As Stacy King said: "that's a good group right there". (in between saying 'energy' and 'intensity', no doubt)
At the time Duhon came in for Hinrich to form that lineup at 4:53 in the 3rd quarter the score went from 53-43 Bobcats to 91-82 Bulls by the end of the game.
As noted by the telecast, they kept running a play where Duhon would come up to the 3 point line on the near side, and dribble back against 2 screens, first by Nocioni and then Noah. And it seemed that every time, Okafor would follow Noah out and try and challenge Duhon way out by the 3 point line, leaving the paint free of their shotblocker for Noc, Deng, or Gordon to get an easy look or at least cause an extra rotation to leave a shooter open.
And after doing fine work in setting those screens, Noah effectively finished the game at 1:30 left with a jumpshot, capping a great night from him. Box score delight: Nocioni with 11 rebounds, allowing a frontcourt pairing of him and Noah to survive on the glass enough to keep their offensive talents on the court.
That game-saving lineup came after an abysmal start to the 3rd quarter, where after the first 9 minutes the team was 3-10 from the field with 9 turnovers. Skiles had been trying combinations all game, from the new starting lineup to a second-quarter combination of Duhon/Deng/Noah/Smith/Wallace, with Noah taking the wing player on defense. To his credit, Skiles stuck with the group that was working without over-playing them to exhaustion. Or even if they were exhausted, they didn't stop making shots.

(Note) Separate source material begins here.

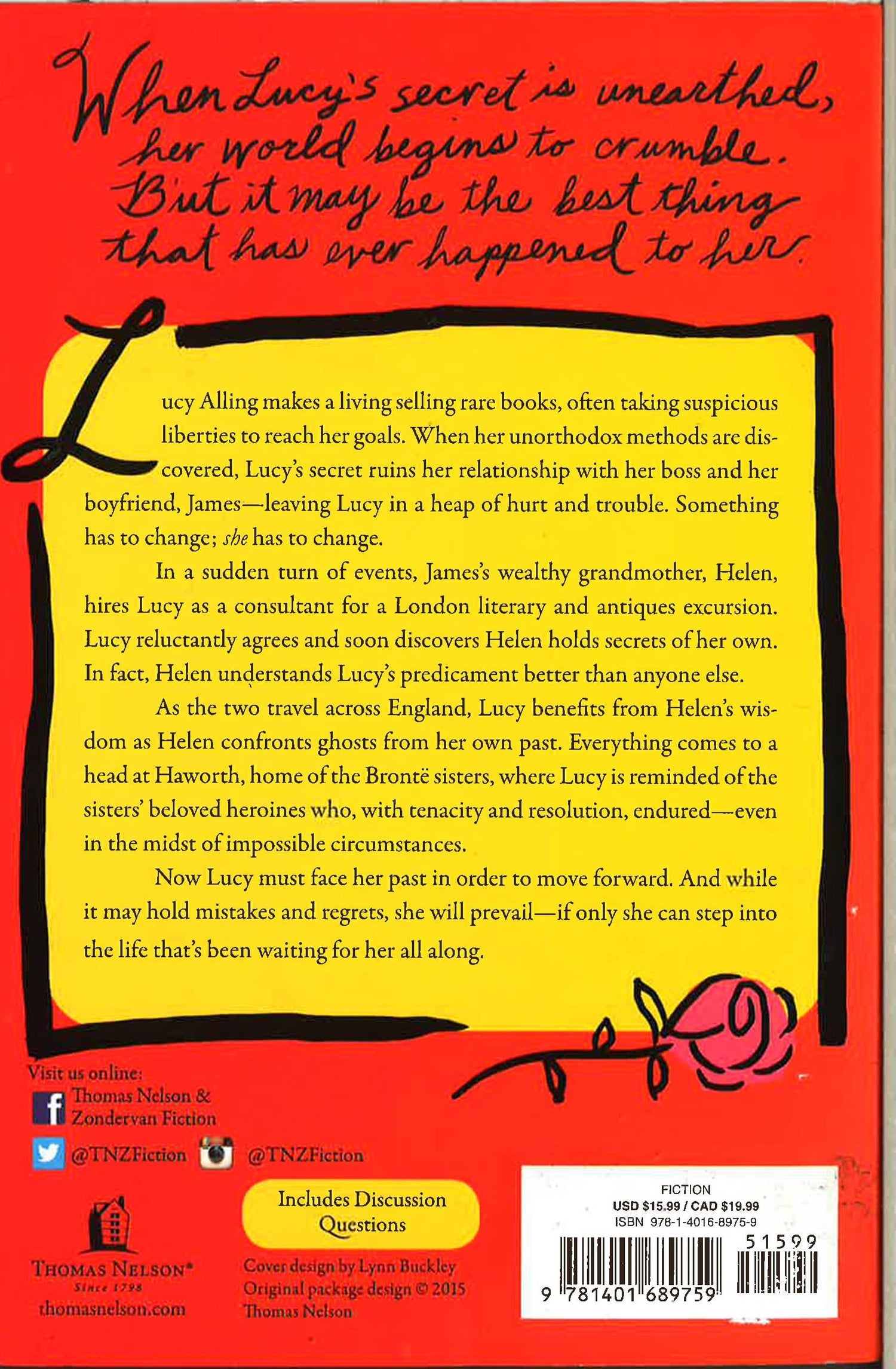 Lucy Alling makes a living selling rare books, often taking suspicious liberties to reach her goals. When her unorthodox methods are discovered, Lucy's secret ruins her relationship with her boss and her boyfriend, James--leaving Lucy in a heap of hurt and trouble. Something has to change; she has to change. In a sudden turn of events, James's wealthy grandmother, Helen, hires Lucy as a consultant for a London literary and antiques excursion. Lucy reluctantly agrees and soon discovers Helen holds secrets of her own. In fact, Helen understands Lucy's predicament better than anyone else. As the two travel across England, Lucy benefits from Helen's wisdom as Helen confronts ghosts from her own past. Everything comes to a head at Haworth, home of the Bronte sisters, where Lucy is reminded of the sisters' beloved heroines who, with tenacity and resolution, endured--even in the midst of impossible circumstances. Now Lucy must face her past in order to move forward. And while it may hold mistakes and regrets, she will prevail--if only she can step into the life that's been waiting for her all along.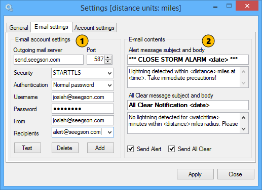 Set up mail server, credentials and alert message recipients. If in doubt, contact your IT support or network administrator to obtain correct settings.

One common denominator was that lineups with Kirk Hinrich were generally bad, as he had yet another terrible game. I don't know how he was only credited for one turnover, but he looked careless with the ball, afraid to shoot (especially around the rim), and foul-happy. His 3rd foul of the first half was just by being lazy. After Derek Anderson shot a three, Hinrich neither went to the glass or went down court, he instead stood and watched, so while Anderson was moving to follow his miss Hinrich was slow to react and picked up the foul. Cue the patented slumped shoulders.
Duhon, as a part of the aforementioned lineup of awesome, played very well, and all game was actually getting to the rim and finishing, which I didn't know point guards were allowed to do. (And I don't just mean that in a 'cause I haven't seen it from Hinrich' way, but I thought it wasn't regarded as a 'pure' point guard move. heh.)
Yet despite yet another appearance from Hinrich's alter-ego, the Mopey Iowan, Skiles said postgame that he will keep the same starting lineup next game. I'm fine either way at this point: on the one hand Hinrich will eventually play better and seeing Duhon/Gordon/Deng/Smith/Wallace against the Pistons almost concedes defeat. However, Hinrich did re-injure his left hand, and maybe it's time to play up that injury and give the captain a break.
Other more random observations:
- The aggressively maligned (by me, anyway) insertion of Joe Smith in the starting lineup didn't exactly produce as a group, but Smith himself shot well. It looked like he hurt himself near the end of the first half, and while he stayed in the game and started the 2nd half, he looked a bit slowed.
- Luol Deng was the only one consistently making shots, even in that awful third quarter. We saw a return of the automatic midrange jumper, with a dose of his new tricks. 30 points.
- The referees were kinda screwin' the Bulls over all night, especially (as usual) on Ben Gordon drives.
- Hope David Stern enjoys that fancy new publicly-financed arena in Charlotte. That's always empty.
- Final play of the first half, the Bulls patented complicated 'give it to Gordon' play turned up alright as instead of trapping Ben after the screen, the they just kept Matt Carroll on him. Gordon was able to get space at the elbow and hit a moderately-tough leaner.
- Stacy: "Gerald Wallace doesn't get a lot of credit for his defense". eh? Going to games in person costs a lot, but at least I get to miss the telecast when I'm at the UC.
- Jared Dudley, emboldened by his first start, wasn't shy in going shot 0-6 in 20 minutes. Makes me think how Tyrus Thomas would do on a bad team like Charlotte with (apparently) minutes to spare.
- Tyrus Thomas finished with 6 minutes. The way Noah played tonight he may be even further down the bench, although maybe he earns some brownie points with a good game against the Pistons, which he's been known to have.
So things ended up fine, a road win is a road win, even if it was against the Bobcats (Ben Wallace's new favorite team, 8 boards, 2 blocks and a steal in 22 minutes proving even the half-dead version could do damage against these guys). But it was far from good times up until then, and tough to feel confident going into a weekend back-to-back against the Pistons and Celtics.